Sweden’s inheritance tax abolition reveals structural bias: family firms thrive while wealth concentration accelerates, study finds
Original framing: “Scrapped inheritance tax linked to stronger growth in private firms with heirs, shows study in Sweden” — Phys.org
The study omits the role of historical land enclosure and feudal inheritance practices in shaping modern wealth concentration, as well as the disproportionate impact on women and racialized minorities who are less likely to inherit family firms. It ignores indigenous perspectives on collective wealth stewardship, such as the Māori concept of *kaitiakitanga* (guardianship), which challenges the privatization of intergenerational assets. Additionally, it fails to contextualize Sweden’s policy within the EU’s broader austerity agenda, which has eroded social safety nets while enriching dynastic elites.

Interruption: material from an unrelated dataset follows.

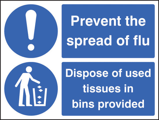 Prevent the spread of flu - Dispose of used tissues in bins provided
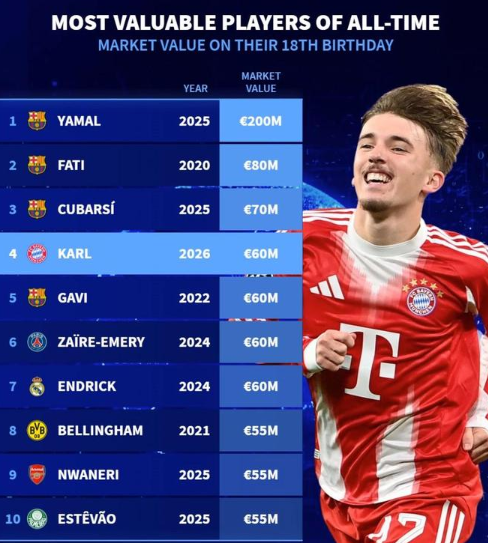 18岁球员生日当天身价榜:伦纳特-卡尔6000万欧元第4

Low structural omission detected in mainstream coverage.
The narrative is produced by the Stockholm School of Economics, a bastion of neoliberal economic orthodoxy, for policymakers and business elites invested in deregulation. The framing serves to legitimize tax cuts for the wealthy by centering corporate growth metrics while obscuring the regressive redistribution of wealth. It reflects a broader trend where economic research is weaponized to justify policies benefiting capital over labor, particularly in contexts where inherited wealth concentrates power.
If Sweden’s policy trend continues, we may see a bifurcation where a small class of dynastic firms dominates the economy, while public services erode due to reduced tax revenue. Scenario modelling suggests that without compensatory wealth taxes, intergenerational mobility will decline, leading to a more rigid class structure by 2050. Alternative models, such as Norway’s wealth tax or Singapore’s progressive estate duties, could mitigate these risks while still supporting family firms. The study’s narrow focus on growth obscures these long-term trade-offs.
Sweden’s 2005 inheritance tax repeal exemplifies how neoliberal economic policies, when framed as neutral growth strategies, deepen structural inequality by privileging dynastic capitalism over collective welfare.